Task goal: Lines from the opening of the material through the line containing "1 菠蘿去皮和眼洗凈,果肉切" must be duplicated word for word. Pictures are not.

Collected data:
_ _ _ _
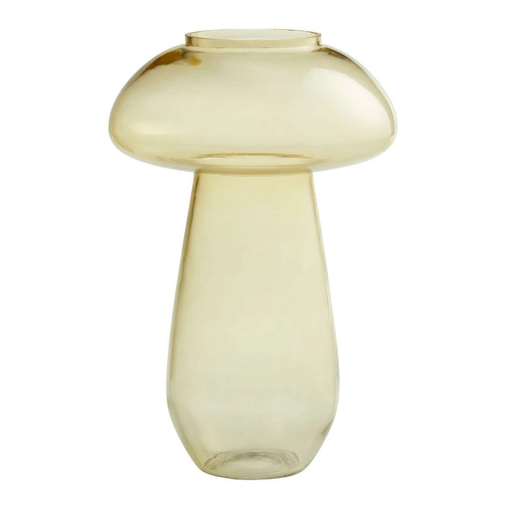 A whimsical decor choice, our exclusive large mushroom vase is mouth-blown by artisans in India to ensure each piece is perfectly unique. This on-trend toadstool in a light amber hue brings forest-inspired fun to any table or shelf whether displayed empty or filled with seasonal florals.
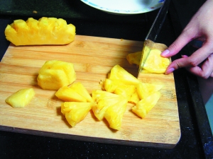 1 菠蘿去皮和眼洗凈,果肉切成塊狀;紅蘿卜、紅椒切成。磺喽狗湃敕兴徐桃幌,撈起過冷河。
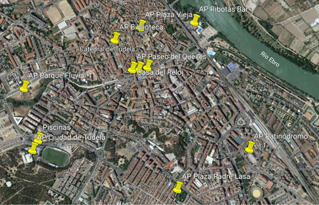 Los nuevos puntos de la red wifi pública de Tudela llegarán a la Plaza Vieja y Ribotas. También al polideportivo y piscina «Ciudad de Tudela». La Plaza Padre Lasa en el Barrio de Lourdes. La Casa del Reloj y el patinódromo. El parque fluvial del Queiles, el Paseo del Queiles, el Paseo de los Poetas y la calle Herrerías.
_ _ _ _
Finished exercise:
 A whimsical decor choice, our exclusive large mushroom vase is mouth-blown by artisans in India to ensure each piece is perfectly unique. This on-trend toadstool in a light amber hue brings forest-inspired fun to any table or shelf whether displayed empty or filled with seasonal florals.
 1 菠蘿去皮和眼洗凈,果肉切成塊狀;紅蘿卜、紅椒切成。磺喽狗湃敕兴徐桃幌,撈起過冷河。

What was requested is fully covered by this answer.